Michael Shattuck, Making Policy in British Higher Education p. 74

Before moving on to the main part of my talk I will remind you that their disappearance took place in two steps.

Under Thatcher, the 1988 Education Reform Act saw the polytechnics moved out from local authority control and established as independent higher education corporations. This was a form of privatisation in keeping with tenor of the decade. In 1992/3, just five years later, each institution was given its own degree awarding powers, allowed to change its name and was incorporated into the now single funding stream for universities (administered under a new arrangement by what became HEFCE). The massive expansion in student numbers seen from the late 1980s was led by the polytechnics as they agreed to increase enrolments at marginal rather than average costs.

In the next decade, FTE students went from roughly 650 000 to over 1 million, while the number of 18 year olds declined markedly. But by this point much of what had rendered those institutions distinct from the pre-1992 universities (those key features outlined just before) was no longer so marked: teaching led, part-time student body, industry focus.

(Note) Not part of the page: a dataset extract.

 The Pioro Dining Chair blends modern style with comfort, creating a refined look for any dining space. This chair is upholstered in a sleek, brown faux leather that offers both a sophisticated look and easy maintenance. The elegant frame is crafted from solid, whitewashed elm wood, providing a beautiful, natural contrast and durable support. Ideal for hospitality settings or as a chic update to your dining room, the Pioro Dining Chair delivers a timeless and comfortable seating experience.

And the loss of the latter seems to be a particular cause for lament.

Before we move on to today’s concerns about technical education, it’s worth citing a quote from my former PhD supervisor, Peter Osborne. It’s extracted from a longer interview about the closure of Philosophy at Middlesex University in 2010.

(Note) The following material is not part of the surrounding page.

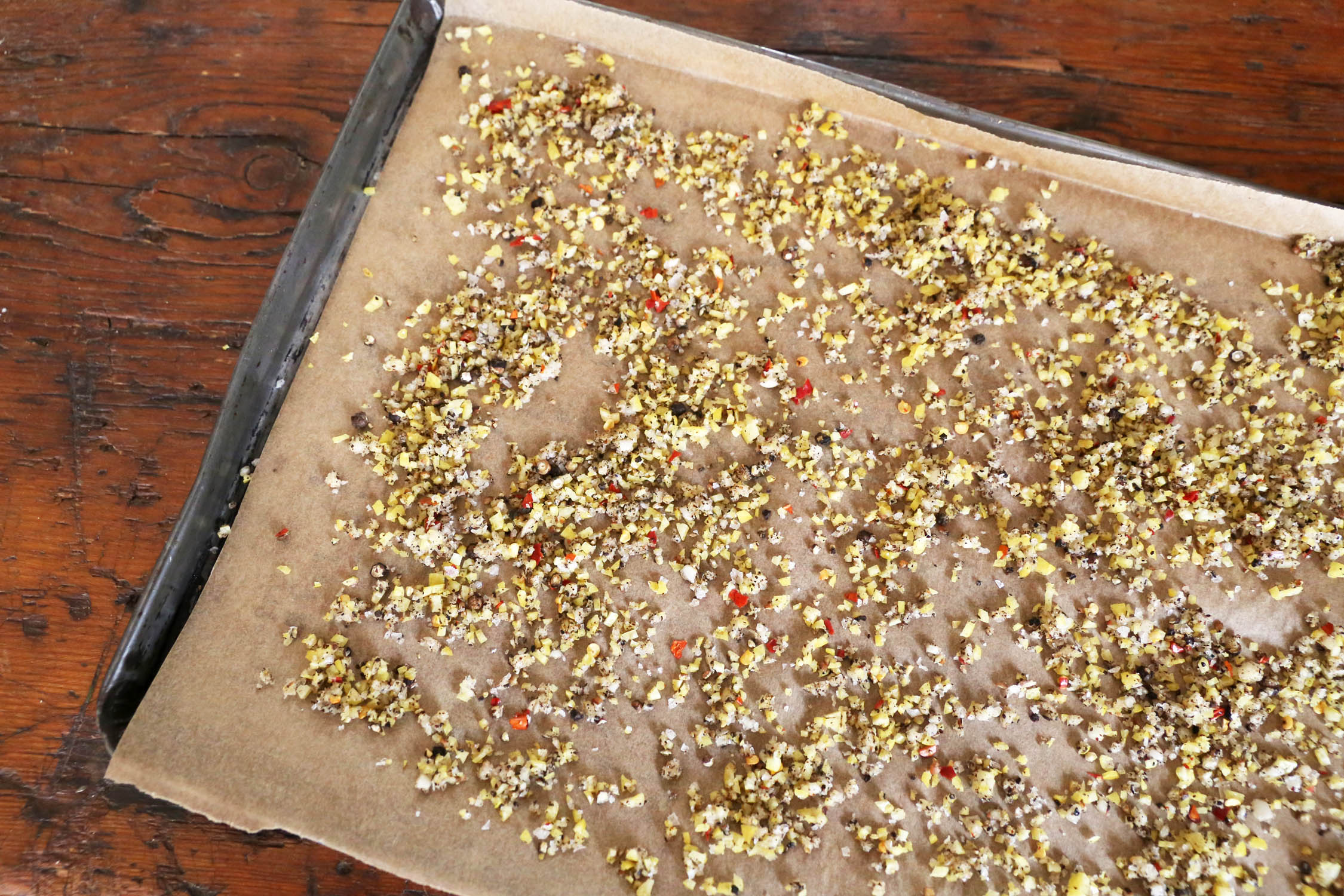 Then sprinkle on a parchment lined cookie sheet and allow it to dry at room temp. for a couple days. This one takes a while to dry out. You can turn your oven on to 170º and once it warms up, turn it off and put your garlic mixture in until it’s dry.
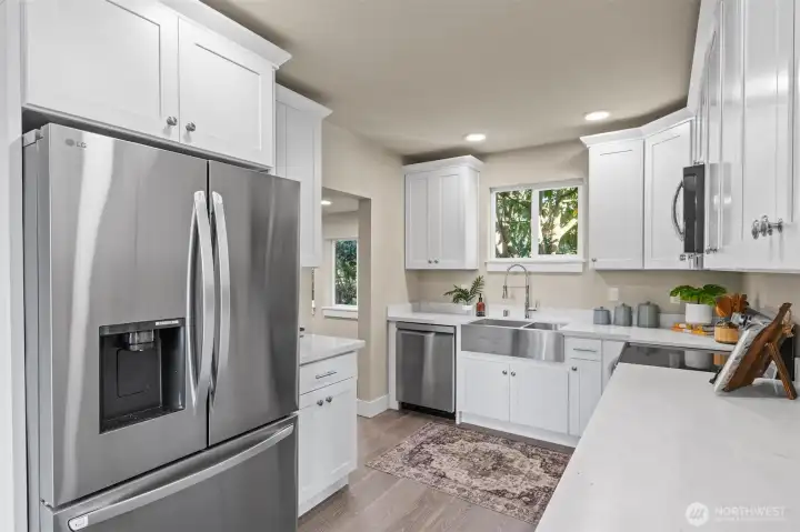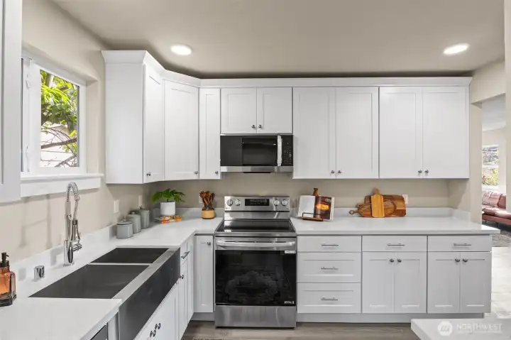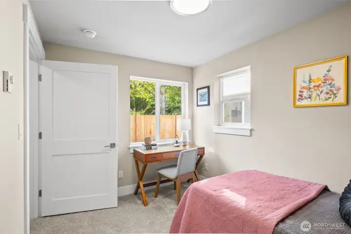 Stylish 2025 down-to-studs remodel designed for modern living. Featuring 3 bedrooms, 2+ bonus rooms, and THREE 3/4 baths, this home lives like a single-family with patio. The open layout, lots of natural light into the kitchen and living spaces, perfect for gatherings. Off-street parking with EV charging. Located in the heart of North Seattle near Wallingford, steps from groceries, parks, dining, and major bus routes, with Northgate minutes away.

In the first place, the abolition of the binary divide was the occasion for a competitive expansion in student numbers. This was the mechanism whereby the lower cost base of the ex-polytechnics could be used to discipline the older universities. It expressed the political contradiction of all market populisms: on the one hand, it had a democratic social content insofar as it expanded the demographic basis of higher education; on the other, it restricted this content to a market form under conditions of a declining unit of resource per student, lowering the quality of education for all students. This led to a right-wing ideological response, blaming the new working class students for ‘dumbing-down’ the system, when it was actually a predictable effect of a deliberate governmental policy, intensified by the inadequacies of the state provision of secondary education (high school), which were highlighted by the process.

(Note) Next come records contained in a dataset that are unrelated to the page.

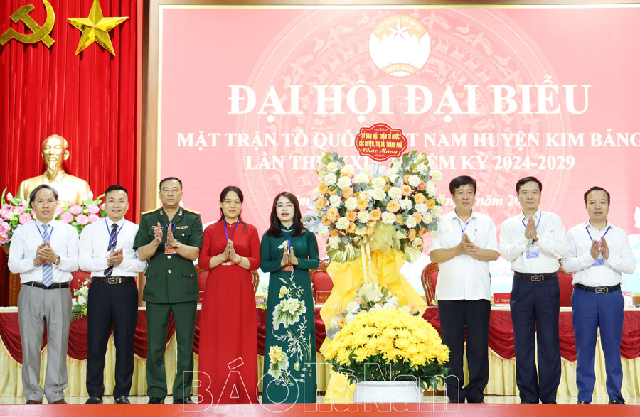 Phát biểu chỉ đạo tại đại hội, đồng chí Chủ tịch Ủy ban MTTQ tỉnh Trần Thị Ngân và lãnh đạo huyện Kim Bảng ghi nhận, biểu dương những kết quả mà MTTQ huyện Kim Bảng đạt được trong nhiệm kỳ qua. Đồng thời, đề nghị nhiệm kỳ tới, Ủy ban MTTQ các cấp huyện Kim Bảng tiếp tục bám sát các quan điểm, chủ trương của Đảng, nhất là Nghị quyết số 43-NQ/TW về tiếp tục phát huy truyền thống, sức mạnh đại đoàn kết toàn dân tộc, xây dựng đất nước ngày càng phồn vinh, hạnh phúc. Tiếp tục đổi mới cách nghĩ, cách làm, tuyên truyền, vận động nhân dân theo hướng toàn dân, toàn diện, có trọng tâm, trọng điểm, phù hợp với thực tiễn. Nâng cao chất lượng các cuộc vận động, phong trào thi đua yêu nước đã được Đảng, Nhà nước, MTTQ Việt Nam phát động và 2 nội dung mới là phong trào thi đua “Cả nước chung tay xóa nhà tạm, nhà dột nát” do Thủ tướng Chính phủ phát động và Chương trình thứ 6 Xây dựng khu dân cư “Tự quản, đoàn kết, ấm no, hạnh phúc”. Phát huy mạnh mẽ dân chủ xã hội chủ nghĩa, nâng cao chất lượng công tác giám sát, phản biện xã hội, góp ý xây dựng Đảng và Nhà nước trong sạch, vững mạnh; tích cực tham gia phòng, chống tham nhũng, tiêu cực. Đẩy mạnh công tác đào tạo, bồi dưỡng cán bộ mặt trận từ huyện đến cơ sở.
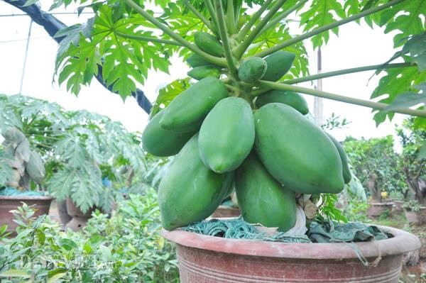 Thông thường mỗi cây chỉ cao hơn 1 mét nhưng cho ra hàng chục trái đu đủ rất đều nhau.
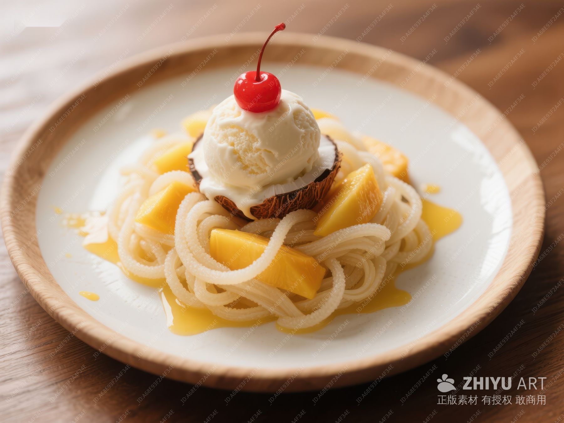 椰壳冰淇淋配芒果面条甜品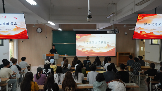 随后,团总支副书记柳扬同学带领全体团员青年共同学习了《爱国主义教育法》,同学们全神贯注,认真学习关于爱国主义教育法的解读。法律明确了爱国主义教育的内容涵盖国家历史、文化传统、民族精神等多个方面,让同学们深刻认识到祖国的伟大和自己肩负的责任。同时,法律也规定了学校、家庭、社会等各方面在爱国主义教育中的职责,为形成全方位、多层次的爱国主义教育格局提供了有力保障。这部法律犹如一座灯塔,为新时代的爱国主义教育指明了方向。通过学习,同学们了解到爱国主义教育的重要意义、目标任务以及具体实施方法。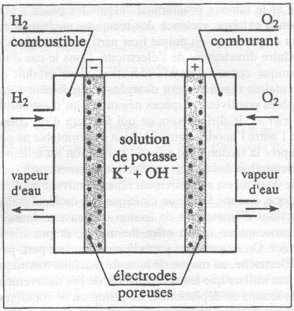 Les piles à combustibles ont de suite été adoptées pour les engins spatiaux habités : dans les capsules Apollo et Gemini, à partir d'O2 et H2 liquides elles ont fourni à la fois l'énergie et l'eau nécessaires aux cosmonautes. De nombreux modèles sont en cours de développement pour des utilisations courantes, en fonction de la nature de l'électrolyte, de la technologie des électrodes, du catalyseur, du combustible (qui n'est pas forcément directement l'hydrogène, l'oxydant étant généralement l'oxygène de l'air), et la température de fonctionnement, qui peut aller de 80 jusqu'à 1000 °C suivant les filières. La technologie des piles à combustibles "à oxydes solides" et fonctionnant à haute température (850-900 °C) serait à même de battre sur leur propre terrain à la fois la combustion classique ("à flamme") et le nucléaire haute température : débouchant sur une turbine à gaz, son rendement électrique atteindrait 70 %, au lieu de 50 % pour ces concurrents.[*](voir en fin d'article)

… The ‘democratic’ unification of the sector was thus the ideological cover and economic mechanism for a far more hierarchical restructuring of the system. The polytechnics offered vocational studies, but some of them – like Middlesex – also developed innovative arts and humanities programs. It was mainly in polytechnics that new theoretical paradigms in the humanities – like Cultural Studies, for example – developed in the UK during the 1980s. This creative side of the new universities is being comprehensively destroyed by this process. … In the 1980s, Middlesex Polytechnic had a Philosophy Department with over 20 academic staff, teaching a wide range of types of philosophy to all first-year students in humanities and social sciences, as part of a broad-based foundation year.

Part Two

Endnotes

[1] ‘Polytechnic’ is still a protected title – you must apply to Companies House for permission to use it in the title of any new company.

[2] Robbins suggested that higher education had four aims: (i) instruction in skills; (ii) promoting the ‘general powers of the mind’; (iii) the advancement of learning; and (iv) ‘the transmission of a common culture and common standards of citizenship’. Perhaps only (iii) could be seen as academic, rather than liberal, and in the round what’s set out here certainly isn’t the fashionable, but unproductive, appeal to learning “for its own sake”, or the “uselessness” of academic study.